From: Michail Nikolaev <michail(dot)nikolaev(at)gmail(dot)com>
To: Peter Geoghegan <pg(at)bowt(dot)ie>
Cc: Andres Freund <andres(at)anarazel(dot)de>, PostgreSQL Hackers <pgsql-hackers(at)postgresql(dot)org>
Subject: Re: Thoughts on "killed tuples" index hint bits support on standby
Date: 2021-02-02 20:31:00
Message-ID: CANtu0oiAtteJ+MpPonBg6WfEsJCKrxuLK15P6GsaGDcYGjefVQ@mail.gmail.com
Views: Raw Message | Whole Thread | Download mbox | Resend email
Thread:
Lists: pgsql-hackers

Hello, Peter.

> AFAICT that's not true, at least not in any practical sense. See the
> comment in the middle of MarkBufferDirtyHint() that begins with "If we
> must not write WAL, due to a relfilenode-specific...", and see the
> "Checksums" section at the end of src/backend/storage/page/README. The
> last paragraph in the README is particularly relevant:

I have attached a TAP-test to demonstrate how easily checksums on standby
and primary starts to differ. The test shows two different scenarios - for
both heap and index (and the bit is placed in both standby and primary).
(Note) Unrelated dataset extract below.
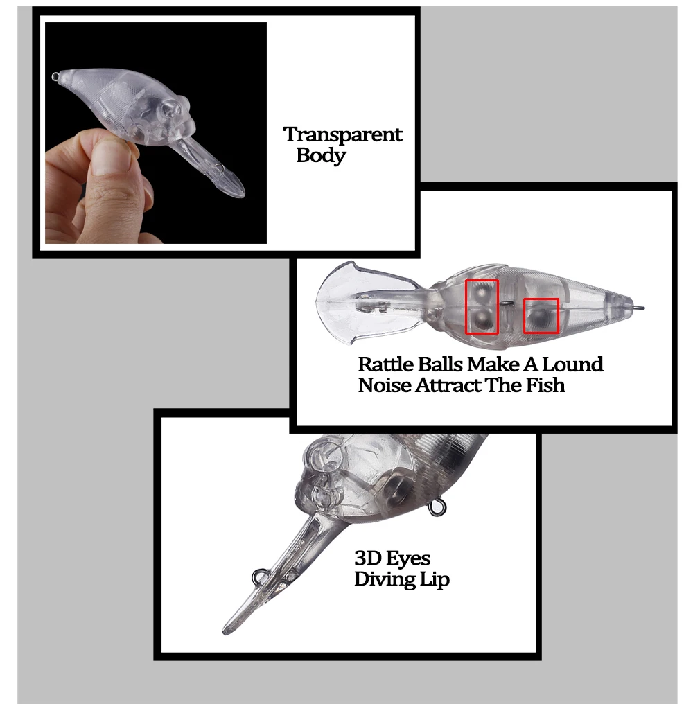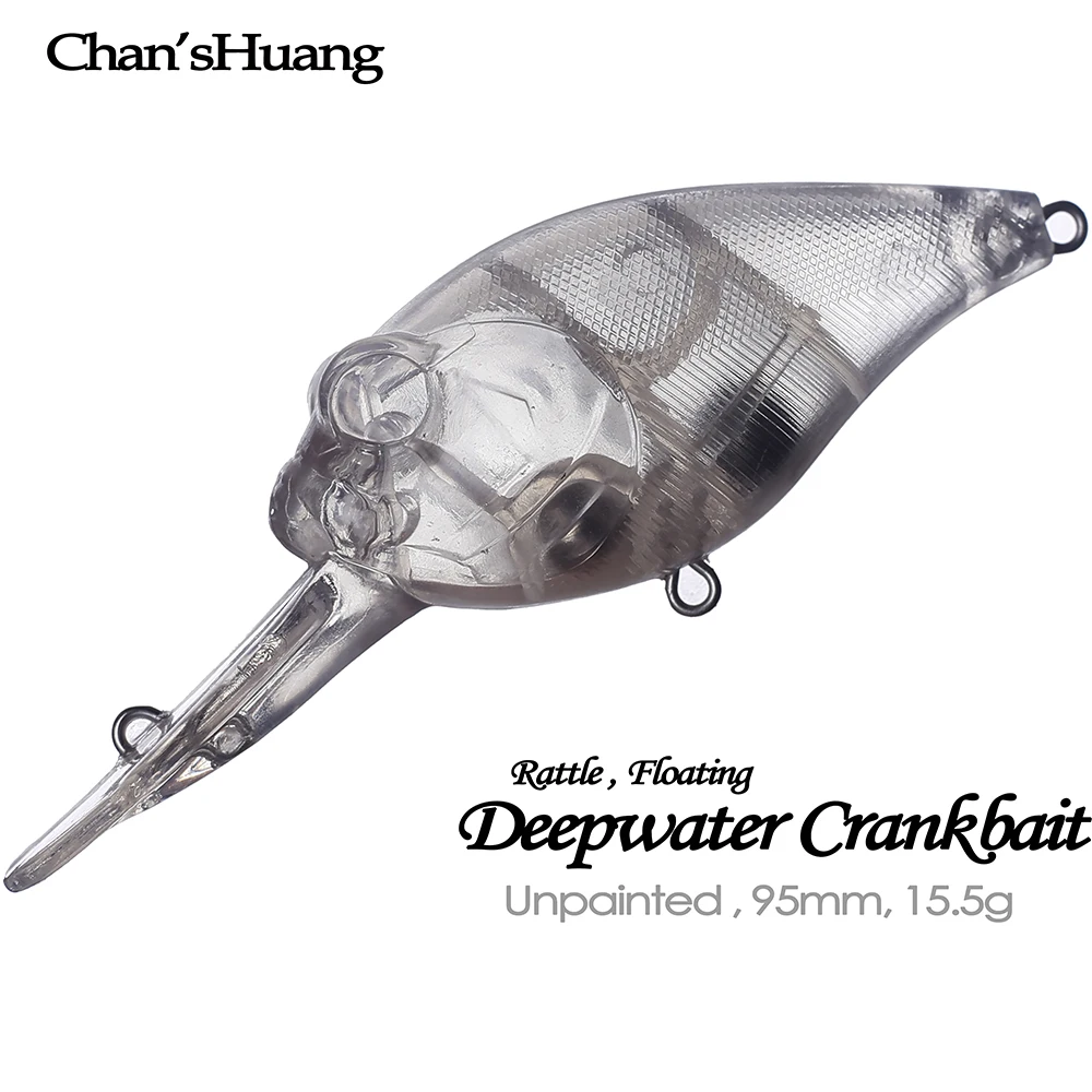 Chan'sHuang, 10 Uds., cebo en blanco sin pintar, 95mm, 15,5g, sonajeros flotantes Crankbait de agua profunda, señuelo de pesca Artificial hecho a mano DIY

Yes, MarkBufferDirtyHint does not mark the page as dirty… So, hint bits on
secondary could be easily lost. But it leaves the page dirty if it already
is (or it could be marked dirty by WAL replay later). So, hints bits could
be easily flushed and taken into account during checksum calculation on
both - standby and primary.

> "We can set the hint, just not dirty the page as a result so the hint
> is lost when we evict the page or shutdown"

Yes, it is not allowed to mark a page as dirty because of hints on standby.
Because we could achieve this:

CHECKPOINT
SET HINT BIT
TORN FLUSH + CRASH = BROKEN CHECKSUM, SERVER FAULT

But this scenario is totally fine:

CHECKPOINT
FPI (page is still dirty)
SET HINT BIT
TORN FLUSH + CRASH = PAGE IS RECOVERED, EVERYTHING IS OK

And, as result, this is fine too:

CHECKPOINT
FPI WITH MASKED LP_DEAD (page is still dirty)
SET HINT BIT
TORN FLUSH + CRASH = PAGE IS RECOVERED + LP_DEAD MASKED AGAIN IF STANDBY

So, my point here - it is fine to mask LP_DEAD bits during replay because
they are already different on standby and primary. And it is fine to set
and flush hint bits (and LP_DEADs) on standby because they already could be
easily flushed (just need to consider minRecovertPoint and, probably,
OldesXmin from primary in case of LP_DEAD to make promotion easily).

>> And `btree_mask` (and other mask functions) already used for consistency
checks to exclude LP_DEAD.
> I don't see how that is relevant. btree_mask() is only used by
> wal_consistency_checking, which is mostly just for Postgres hackers.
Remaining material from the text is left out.